→ **Exercise inputs**:
━━━━━━━━━━━━━━━━━━━━━━━━━━━━━━

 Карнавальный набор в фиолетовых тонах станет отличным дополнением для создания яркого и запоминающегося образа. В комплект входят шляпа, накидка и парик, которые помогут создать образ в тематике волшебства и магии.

━━━━━━━━━━━━━━━━━━━━━━━━━━━━━━

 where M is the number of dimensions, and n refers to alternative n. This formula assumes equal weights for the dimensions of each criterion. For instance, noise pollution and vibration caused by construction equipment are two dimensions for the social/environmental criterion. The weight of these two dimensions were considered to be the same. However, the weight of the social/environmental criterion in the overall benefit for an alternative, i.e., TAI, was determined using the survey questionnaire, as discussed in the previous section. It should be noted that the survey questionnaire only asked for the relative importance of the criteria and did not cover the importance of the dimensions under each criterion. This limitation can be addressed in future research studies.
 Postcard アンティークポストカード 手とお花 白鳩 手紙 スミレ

━━━━━━━━━━━━━━━━━━━━━━━━━━━━━━

→ **Activity**: Copy the lines above exactly. Start with the line containing "where M is the", end with the line containing "Postcard アンティークポストカード 手とお花 白鳩 手紙 スミレ", and include both.

→ **Response area**:
 where M is the number of dimensions, and n refers to alternative n. This formula assumes equal weights for the dimensions of each criterion. For instance, noise pollution and vibration caused by construction equipment are two dimensions for the social/environmental criterion. The weight of these two dimensions were considered to be the same. However, the weight of the social/environmental criterion in the overall benefit for an alternative, i.e., TAI, was determined using the survey questionnaire, as discussed in the previous section. It should be noted that the survey questionnaire only asked for the relative importance of the criteria and did not cover the importance of the dimensions under each criterion. This limitation can be addressed in future research studies.
 Postcard アンティークポストカード 手とお花 白鳩 手紙 スミレ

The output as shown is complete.